▶ Directions for this task: Everything from the first line of the data below through the line that contains "ワイドパンツ 2024新作ゆ" should be written out exactly, please, and nothing more; the pictures stay out.

▶ Listed records:
※

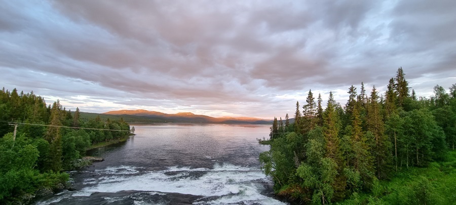 Also ging es recht zeitig weiter, eben etwas einkaufen und dann über die 94 und 374 in Richtung Storforsen-Wasserfall. Hier haben wir ca. 3 km vom Wasserfall entfernt einen echt traumhaften Platz gefunden. Es scheint als wäre man in Kanada. Direkt vor uns der reißende Fluss, umgeben von Kiefern und Birkenwäldern. Wir haben beschlossen zwei Nächte hier zu bleiben und sind heute zum Storforsen gewandert. Unglaublich was für Wassermassen hier den Fluss entlangfließen. Ein kurzes Bad und es ging wieder zurück zum Auto. Jetzt wird noch das Abendessen vorbereitet bevor es Morgen über den Polarkreis nach Jokkmokk geht.
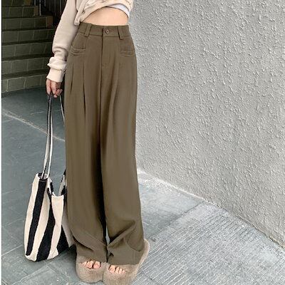 ワイドパンツ 2024新作ゆったり細身ストレートパンツレディース秋パンツドレープカジュアルスーツワイドパンツ7
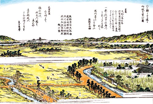 上の絵は、和歌山市の山口地区から紀ノ川の下流方面をみた約160年前の風景です。
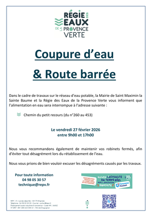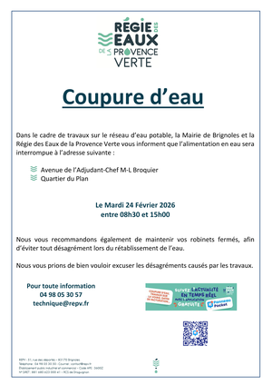 En raison de la rupture d'une canalisation rue Paul Blanc, le service de l'eau potable sera interrompu :
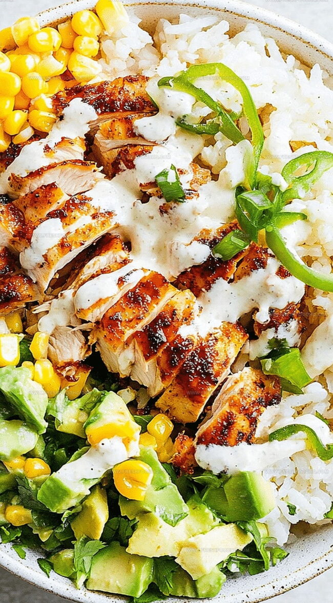 - Layer the rice bowl strategically: spread rice as the base, artfully arrange sliced chicken atop the grains, scatter roasted corn throughout, and generously drizzle with the vibrant sauce.
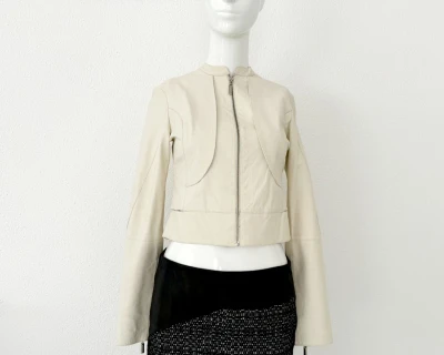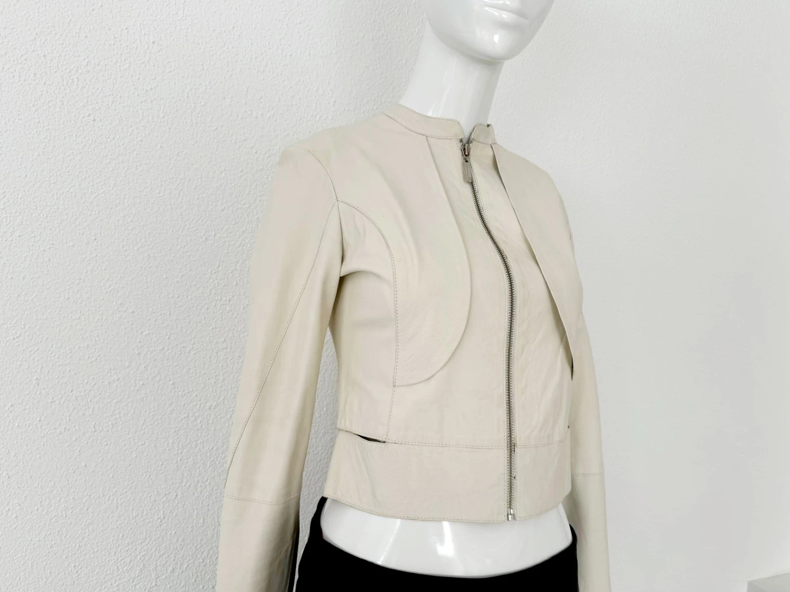 Wunderschöne Jacke aus weichem Leder von der bekannten Brasilianischen Designerin Giuliana Romano. Luxuriös verarbeitet mit extravaganten Details und Cut-outs. Die Farbe ist ein off white und geht leicht ins Beige über.

※

▶ Result of the exercise:
 Also ging es recht zeitig weiter, eben etwas einkaufen und dann über die 94 und 374 in Richtung Storforsen-Wasserfall. Hier haben wir ca. 3 km vom Wasserfall entfernt einen echt traumhaften Platz gefunden. Es scheint als wäre man in Kanada. Direkt vor uns der reißende Fluss, umgeben von Kiefern und Birkenwäldern. Wir haben beschlossen zwei Nächte hier zu bleiben und sind heute zum Storforsen gewandert. Unglaublich was für Wassermassen hier den Fluss entlangfließen. Ein kurzes Bad und es ging wieder zurück zum Auto. Jetzt wird noch das Abendessen vorbereitet bevor es Morgen über den Polarkreis nach Jokkmokk geht.
 ワイドパンツ 2024新作ゆったり細身ストレートパンツレディース秋パンツドレープカジュアルスーツワイドパンツ7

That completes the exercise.